One of our objectives in this study was to investigate whether the aberrant upregulation of cytokine secretion in patients with persistent ocular inflammatory disease derives in part from defects in proteins that mediate negative feedback regulation of activities of proinflammatory cytokine. We found that PBMC of patients with scleritis could not induce the expression of the negative feedback regulatory protein SOCS1. Because ethical considerations and NIH IRB guidelines precluded obtaining retinal tissue biopsy to determine whether SOCS expression is also defective in ocular tissues of scleritis patients, we generated transgenic mice and rats with over-expression of SOCS1 in the retina and used these animals to further investigate the role of SOCS1 in the retina and intraocular inflammatory diseases. Although results from several studies suggest that induction of SOCS1, SOCS3 and CIS by inflammatory cells mitigates immune responses by regulating the intensity and duration of cytokine signals, until now it has not been clear whether retinal cells also produce SOCS1 and what physiological role they might have during ocular inflammation. By targeting the over-expression of SOCS1 to the retina of rats and mice and examining the in vivo function of SOCS1 in the well-characterized EAU model, we show that SOCS1 protects mice and rats from developing severe uveitis. Our data suggests that proinflammatory cytokines produced during EAU induces retinal cells to repress the production of chemotactic cytokines and this results in substantial decrease in the numbers of pathogenic T cells recruited into the retina during uveitis. Defective expression of SOCS1 in patients with scleritis, taken together with our data showing that SOCS1 mediated protection of neuroretinal cells from apoptosis, suggests that SOCS1 has neuroprotective function in the retina and imply that administration of SOCS1 mimetic peptides maybe useful in treating uveitis or scleritis.

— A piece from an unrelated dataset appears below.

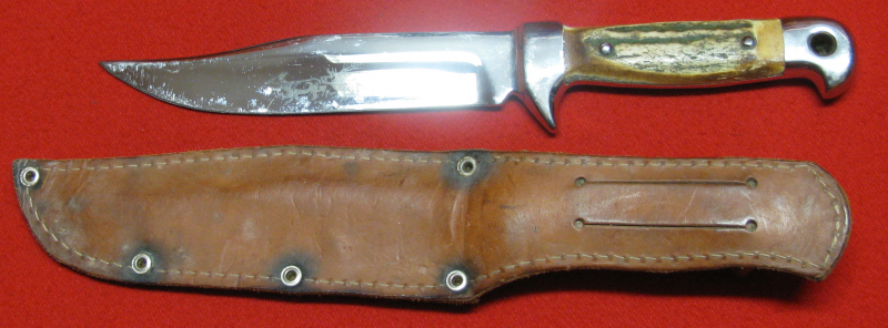 Zum Verkauf kommt ein älteres Bowie / Jagdmesser mit Horn und Lederscheide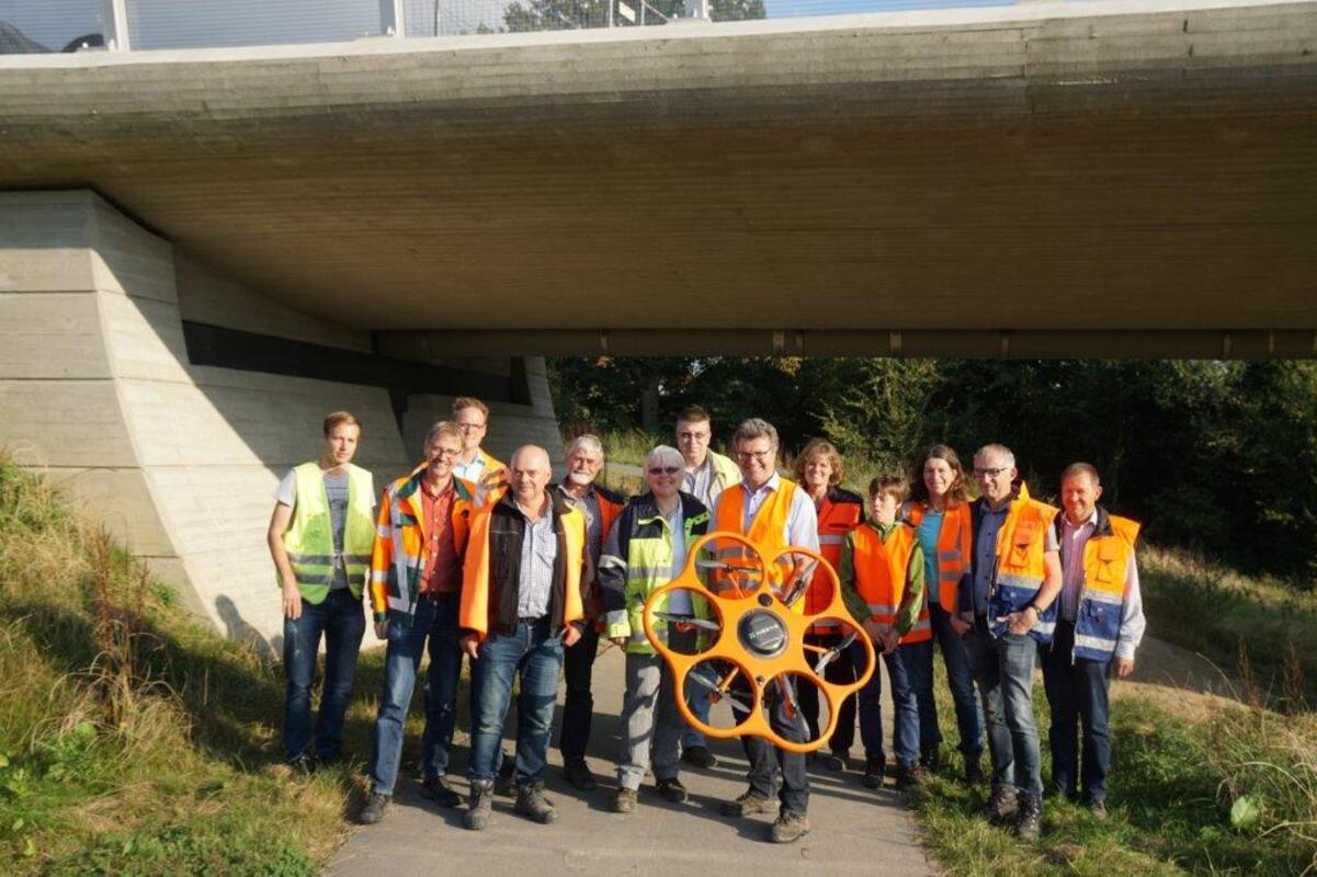 Nach einem kleinen Ortswechsel verbunden mit dem Anlegen von Sicherheitsschuhen und -bekleidung ging es bei schönem Wetter auf die eigentliche Baustelle. Dort konnten alle Teilnehmer sich über den bisherigen laufenden Baufortschritt einen Eindruck verschaffen. Trotz des späten Freitagnachmittags waren noch Bauarbeiten mit einem Gräder zu sehen. Mit dem theoretischen Wissen und den ausführlichen Erläuterungen vor Ort verließen die Teilnehmer die Baustelle. Es bleibt festzustellen, dass noch viele UAV-Projekte Unikate sind und viel individuelles Fachwissen erfordern. Nach Abschluss der Veranstaltung mit dem gemeinsamen Foto unter dem Brückenbauwerk Nonnenbachtal wurde dem Ingenieurbüro Bertels einen großen Dank ausgesprochen für einen interessanten und lehrreichen Einblick in die Welt der Bauvermessung mittels UAV.

本研究的目的之一是调查持续性眼部炎症性疾病患者细胞因子分泌的异常上调是否部分源于介导促炎细胞因子活性负反馈调节的蛋白质缺陷。我们发现巩膜炎患者的PBMC不能诱导负反馈调节蛋白SOCS1的表达。由于伦理考虑和 NIH IRB 指南不允许进行视网膜组织活检来确定巩膜炎患者眼组织中 SOCS 表达是否也有缺陷，因此我们培育了视网膜中 SOCS1 过度表达的转基因小鼠和大鼠，并利用这些动物进一步研究 SOCS1 在视网膜和眼内炎症性疾病中的作用。尽管多项研究结果表明，炎症细胞诱导 SOCS1、SOCS3 和 CIS 可通过调节细胞因子信号的强度和持续时间来减轻免疫反应，但迄今为止，尚不清楚视网膜细胞是否也产生 SOCS1 以及它们在眼部炎症过程中可能发挥的生理作用。通过将 SOCS1 的过度表达靶向大鼠和小鼠的视网膜，并在充分表征的 EAU 模型中检查 SOCS1 的体内功能，我们发现 SOCS1 可以保护小鼠和大鼠免于发生严重的葡萄膜炎。我们的数据表明，EAU 期间产生的促炎细胞因子诱导视网膜细胞抑制趋化细胞因子的产生，这导致葡萄膜炎期间招募到视网膜的致病性 T 细胞数量大幅减少。巩膜炎患者中 SOCS1 的表达缺陷，加上我们的数据表明 SOCS1 介导保护神经视网膜细胞免于凋亡，表明 SOCS1 在视网膜中具有神经保护功能，并意味着 SOCS1 模拟肽的施用可能有助于治疗葡萄膜炎或巩膜炎。